Although the media is euphoric about a financial transaction tax, I´m not very frightened that the tax will really be put to the vote in December. We have had numerous reports about this tax in the German media since 2012 and no progress has been made yet (which is good).

The biggest problem is that almost none of the 10 countries that want to introduce the tax are financial hubs, and therefore the tax will not reach its goals. Furthermore, countries like the UK and US won´t implement a financial transaction tax, so most traders can easily switch from EUREX in Frankfurt to LSE in London. I´m sure they will cross-list most products. There are even rumors about listing famous German futures such as Bund and FDAX in Singapore. For most banks, hedge funds and other institutions, a financial transaction tax introduced by only 10 European countries is a solvable problem.

In the end, retail traders will pay the price, by not being able to switch their trading to other countries and by not being able to circumvent the tax through non-taxed products like CFDs.

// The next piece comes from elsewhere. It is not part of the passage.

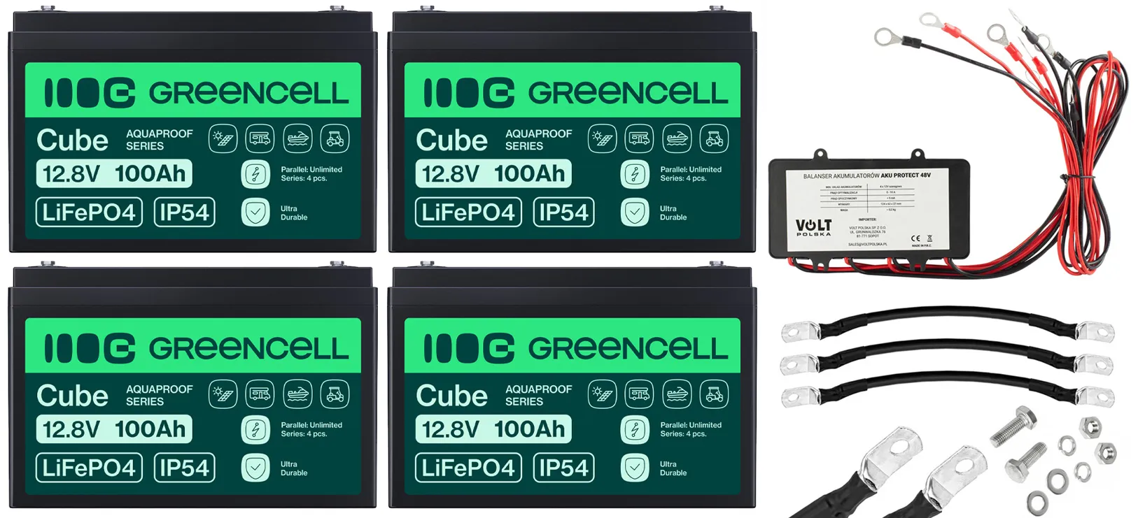 - Cztery akumulatory firmy Green Cell Cube LiFePO4 100Ah 12.8V 1280Wh

In this context, the talk about banning CFDs in Germany makes sense. It is not about protecting the consumer but about preventing him from moving to non-taxed trading products. We can draw the parallel with France where a financial transaction tax was implemented in 2012. There it is applied on buying and selling the biggest French companies with a market cap of over one billion euros. As a result, volume in these stocks dropped since then and the tax proceeds are 60 per cent lower than projected. So is it a coincidence that politicians talk about prohibiting the marketing of CFDs?

For the moment, all we can do is to wait until December if the 10 countries can really reach an agreement. If not, that´s a good sign. If yes, we will have to wait again to see what the tax will look like. I will keep you updated as soon as I know more.